**WHAT YOU HAVE TO DO:** Only the lines below from the one that contains "광장일보 주재영 기자" through the one that contains "T-shirt nera a" should appear in your answer, exact and without pictures.

** PROVIDED ENTRIES follows **

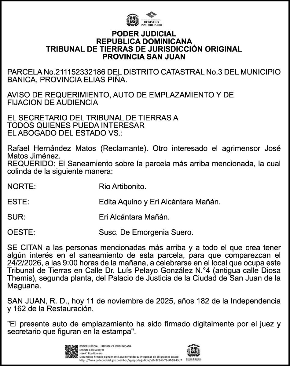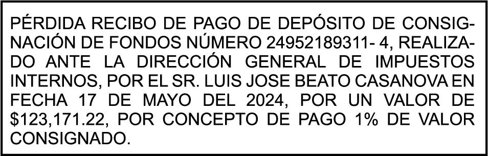SE hace de público conocimiento la pérdida del Certificado Financiero número 839171675 emitido por Banco Popular Dominicano, S. A. Banco Múltiple, a nombre de MARIA ANTONIA FERNANDEZ DE LA CRUZ, portadora de la Cédula de Identidad y Electoral número 049-0057745-5, certificado número 839171675 expedido en fecha 8 de febrero de 2024 por el monto de (RD$500,000.00) más intereses generados a la fecha.
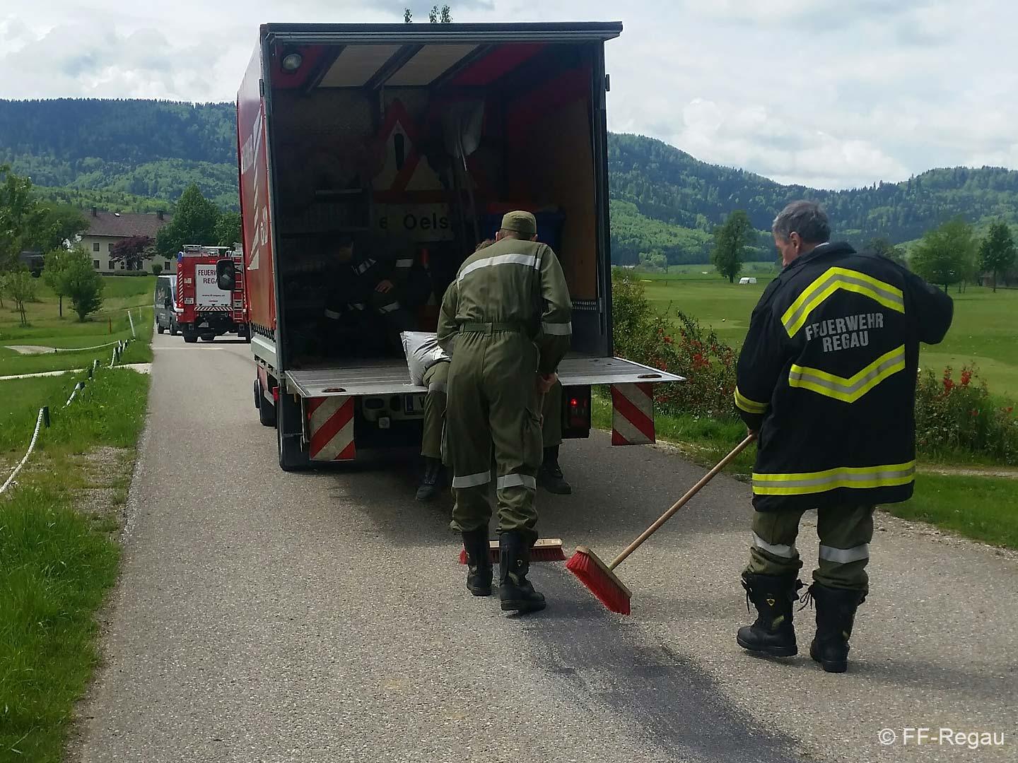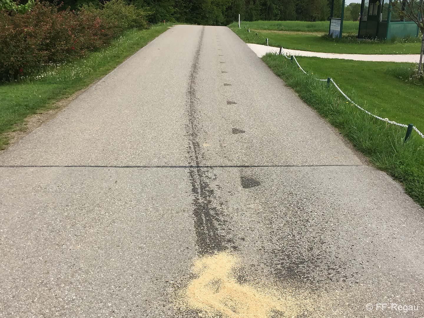 Eine Ölspur in der Ortschaft Riedl war der Grund für diesen Einsatz.
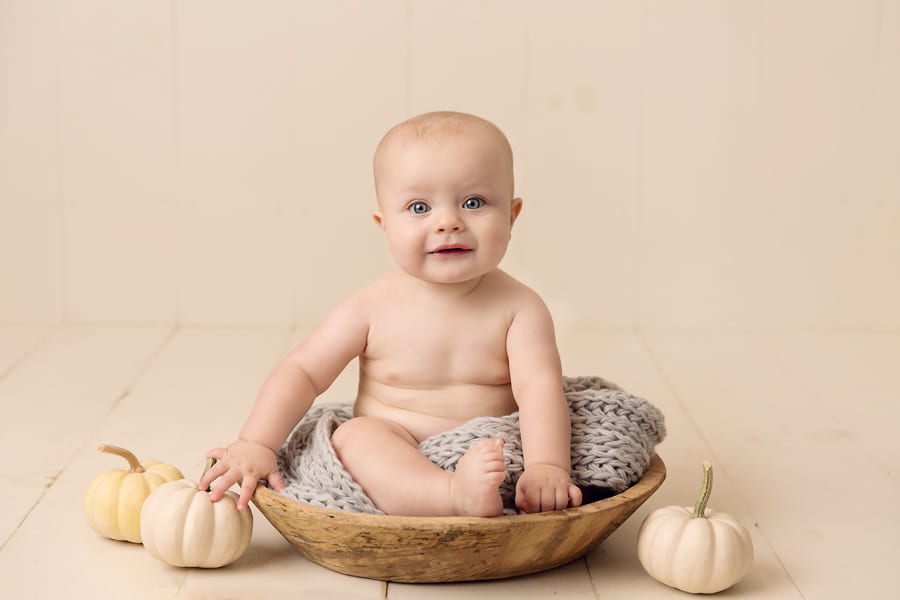 Milestone sessions are a great way to capture your baby’s personality and development! I high recommend scheduling these once your little one is sitting well on their own, as it allows for us to get a good variety safely. This usually happens somewhere around seven to eight months. If we can do the session before your little one begins crawling, that is even better!
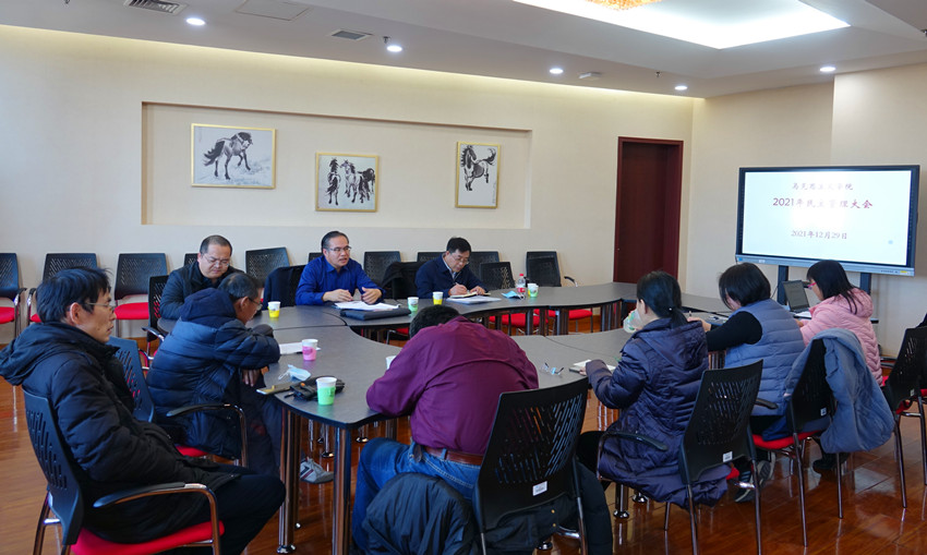 会上,学院经理华玉武结合学院2021年度工作完成情况,向老师们报告了公司党史学习教育、思政课教学改革、团队队伍建设等方面的取得的成效和存在的主要问题,分析了学院面临的形势,解读了学院2022年在学院建设和思政课改革的思路和重点工作。
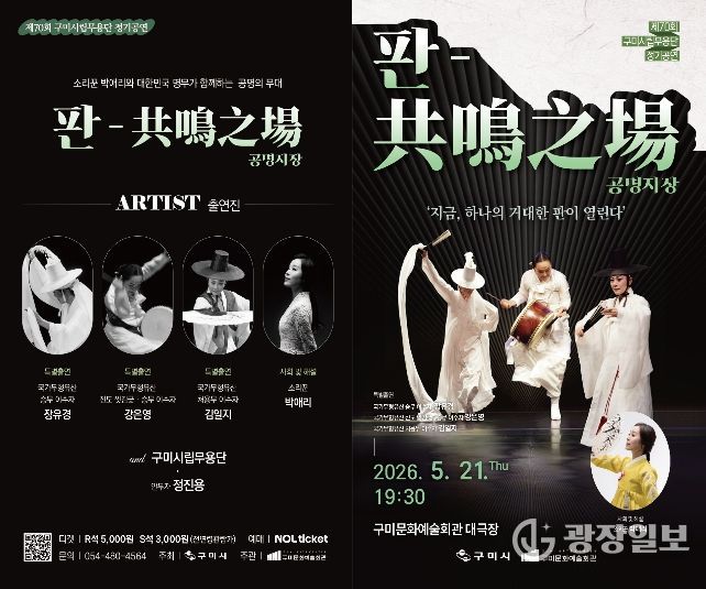 광장일보 주재영 기자 | 구미시는 5월 21일 오후 7시 30분, 구미시문화예술회관 대공연장에서 ‘제70회 구미시립무용단 정기공연 '판-共鳴之場공명지장'’을 개최한다.
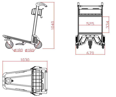 - Durch runterdrücken des Handgriffs werden die Bremsen gelöst.
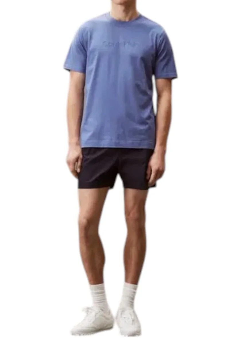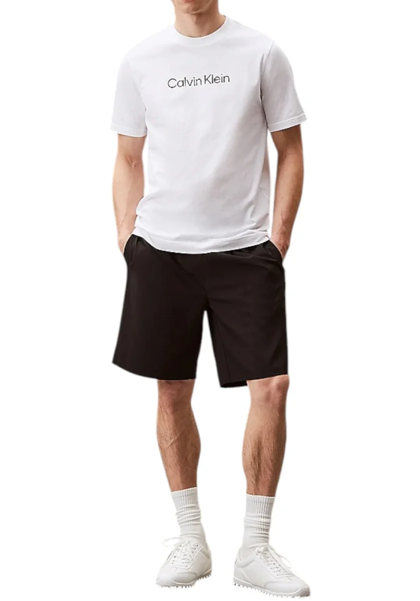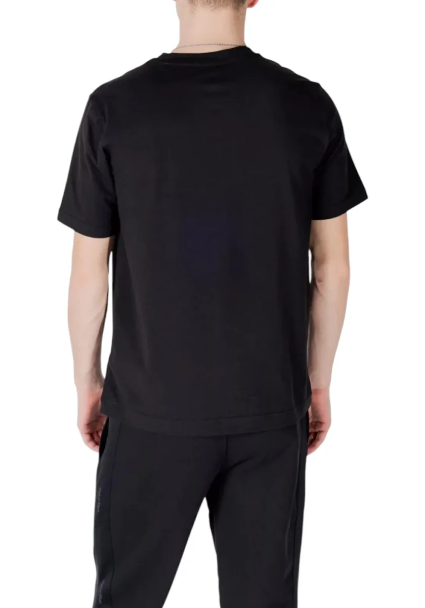 T-shirt nera a maniche corte con logo Calvin Klein tono su tono stampato sul petto. Realizzata in cotone morbido per un comfort quotidiano, dal taglio regular e stile minimal.
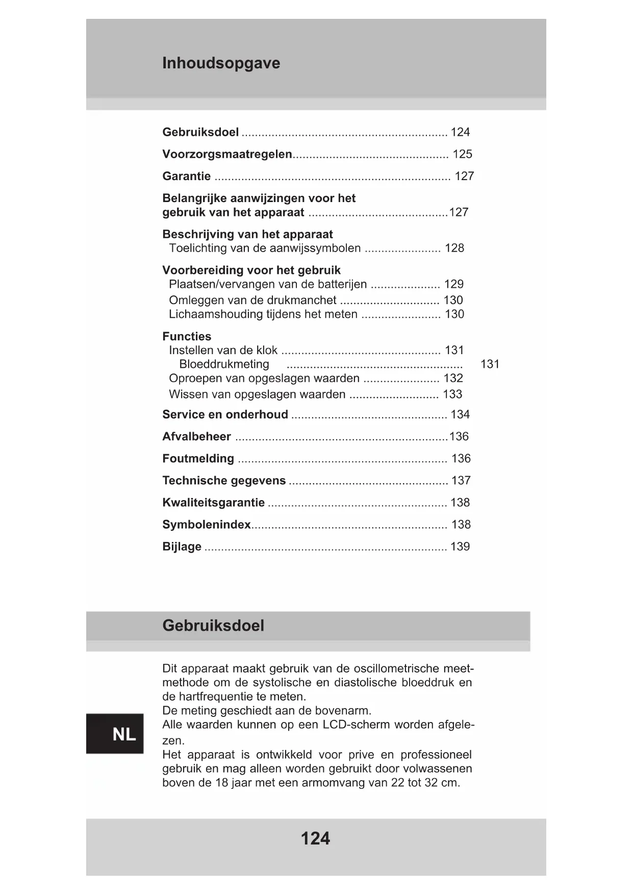 Afvalbeheer Uitgediende apparaten en lege batterijen dienen volgens de geldige voorschriften te worden afgevoerd. Dit apparaat mag niet samen met het huishoudelijk afval worden aan- geboden. Iedere consument is verplicht, alle elektrische of elektroni- sche apparaten, ongeacht of die schadelijke stoffen bevat- ten of niet, bij een milieudepot in zijn stad of bij de hande- laar af te geven, zodat ze op een milieuvriendelijke manier kunnen worden verwijderd. Haal de batterijen uit het apparaat voordat u het apparaat verwijdert. Gooi gebruikte batterijen niet bij het huisvuil, maar breng deze naar de daarvoor bestemde afvalverwerking of lever deze in bij een speciaal daarvoor bestemd inzamelstation bij de supermarkt of elektrawinke- lier. Foutmelding Melding Correctie De gemeten druk lag onder 20 mm Hg. Nogmaals meten a.u.b. Er werden lichaamsbewegingen vastgesteld tijdens de meting. Nogmaals meten a.u.b. Pompfout De manchet controleren en nogmaals verzoeken. De druk kan ten gevolge van sig- naalruis niet worden gemeten. Nogmaals meten a.u.b. De pompdruk ligt boven 300 mm Hg. Nogmaals meten a.u.b. Batterij leeg. De 4 batterijen controleren en, indien nodig, vervangen.137
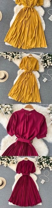 シングルブレスト女性プリーツドレス半袖スリムウエストAラインドレスロング Abe82581614413
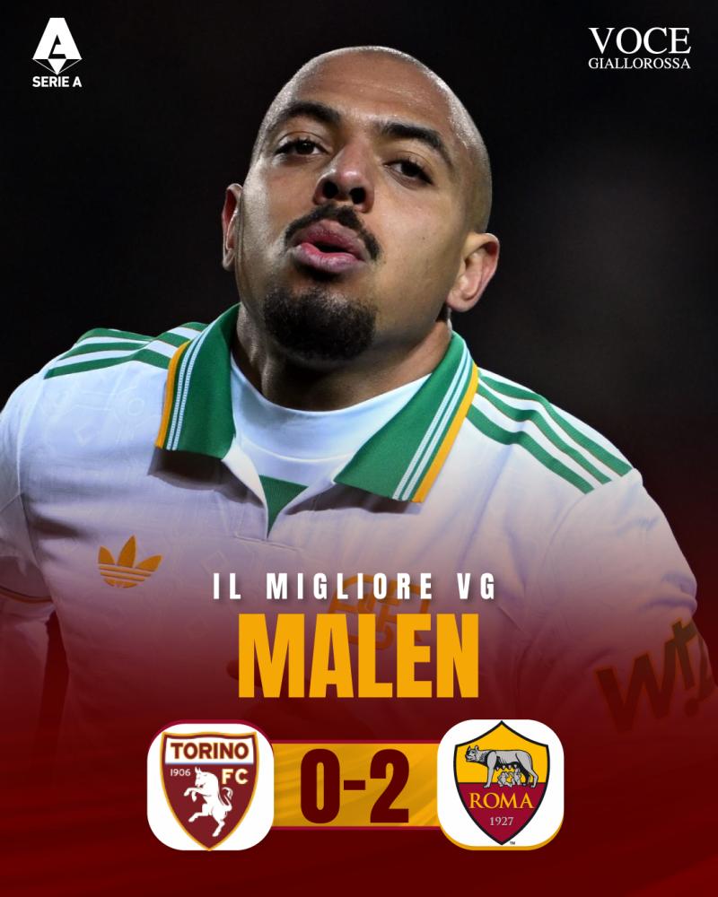La Roma vince in trasferta contro il Torino, allungando in classifica sulla Juventus nella corsa al quarto posto. I giallorossi si sono imposti per 2-0, anche grazie al gol al debutto di Malen. Proprio l'olandese è stato nominato #IlMiglioreVG dai nostri lettori attraverso le votazioni avvenute sui canali social di Vocegiallorossa.it.
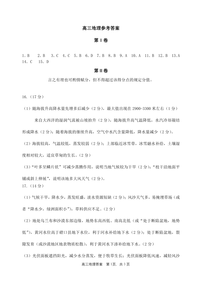 山东省威海市2024-2025学年第一学期1月高三期末学业水平诊断地理答案
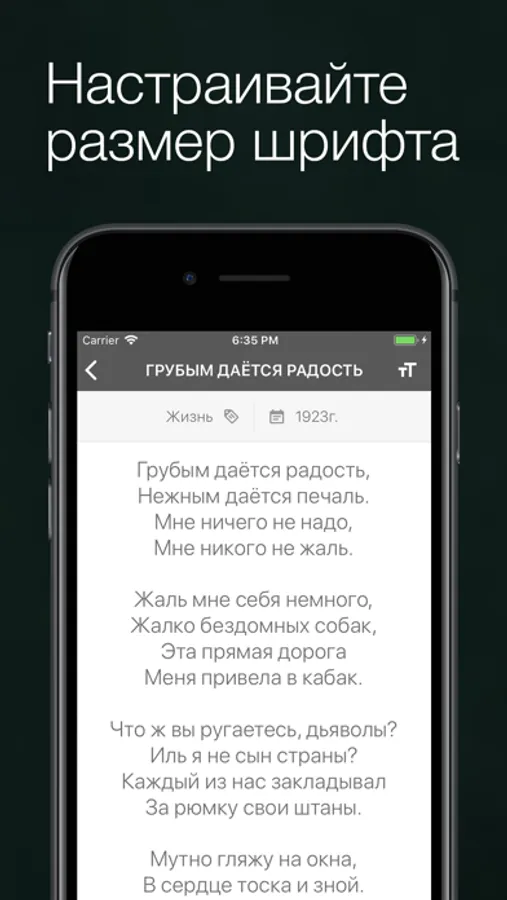 Настроить размер шрифта - легко! Настройте размер шрифта и читайте стихотворения Сергей Есенина на расстоянии вытянутой руки и даже без очков.
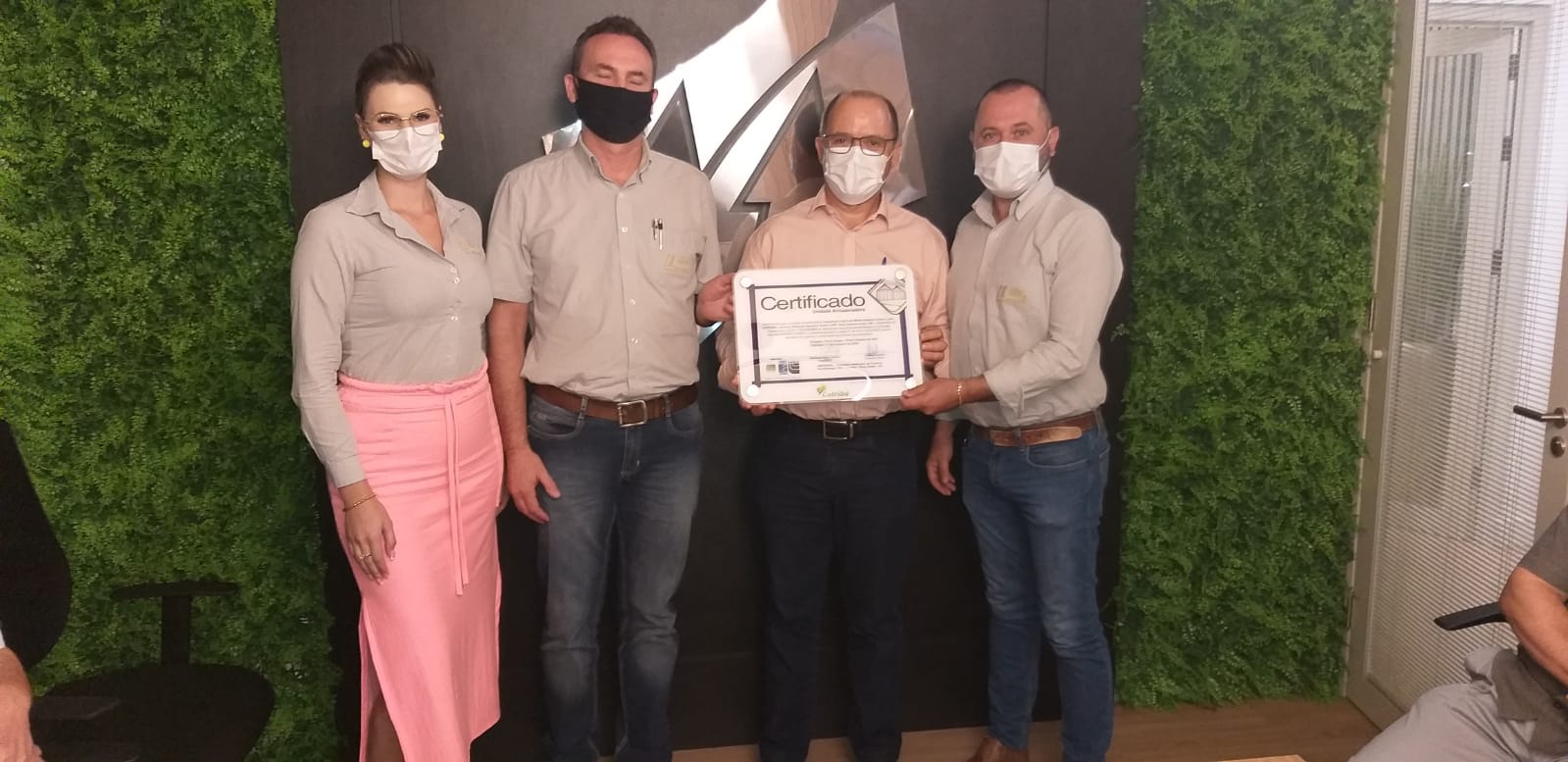 Na manhã desta quinta-feira (24/02), o vice-presidente da Cotribá Enio Nascimento e equipe técnica da cooperativa receberam o presidente da Emater Edmilson Pelizari, o diretor técnico Alencar Rugeri e o supervisor Jair Domenighi para a entrega de 5 certificados, sendo 3 renovações (unidades de Cruz Alta, Quinze de Novembro e Boqueirão/ Ibirubá) e 2 processos novos (unidade de Boa Vista do Incra e Fazenda Colorado/Fortaleza dos Valos). A certificação é válida até o ano de 2026.
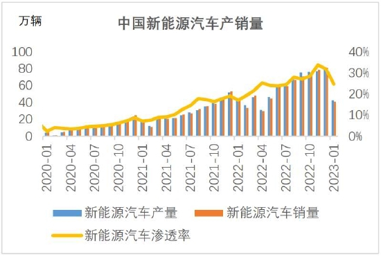 图47:中国新能源汽车产销量及渗透率
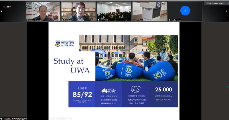 西澳大学理学部国际关系主任Annabel Turner,商休闲小栈 会计与金融高级讲师Frank Liu,理学部分子科学休闲小栈 讲师 Alyssa Van Dreumel博士详细介绍了西澳大学校园、学科专业优势、授课方式、在线学习、奖学金设置等情况,鼓励全体同学坚定自己的梦想并期待大家的到来。
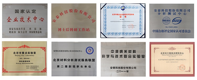 国家认定企业技术中心 企业博士后科研流动站 北京科技研究开发机构 中关村先进功能材料技术支撑平台 中国材料研究学会磁性材料及应用专业委员会主任委员单位 中国钢结构协会粉末冶金分会硬面技术专业委员会主任委员单位 国家实验室认可(CNAS)资质
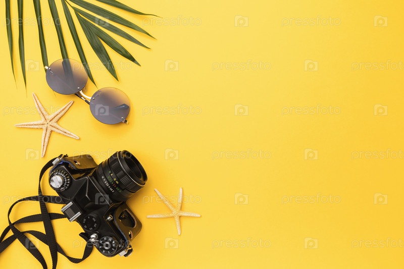 Фотокамера, солнцезащитные очки, морская звезда и пальмовый лист на желтом фоне с копией пространства

** End of PROVIDED ENTRIES **

**REPLY TO THE TASK:**
 광장일보 주재영 기자 | 구미시는 5월 21일 오후 7시 30분, 구미시문화예술회관 대공연장에서 ‘제70회 구미시립무용단 정기공연 '판-共鳴之場공명지장'’을 개최한다.
 - Durch runterdrücken des Handgriffs werden die Bremsen gelöst.
 T-shirt nera a maniche corte con logo Calvin Klein tono su tono stampato sul petto. Realizzata in cotone morbido per un comfort quotidiano, dal taglio regular e stile minimal.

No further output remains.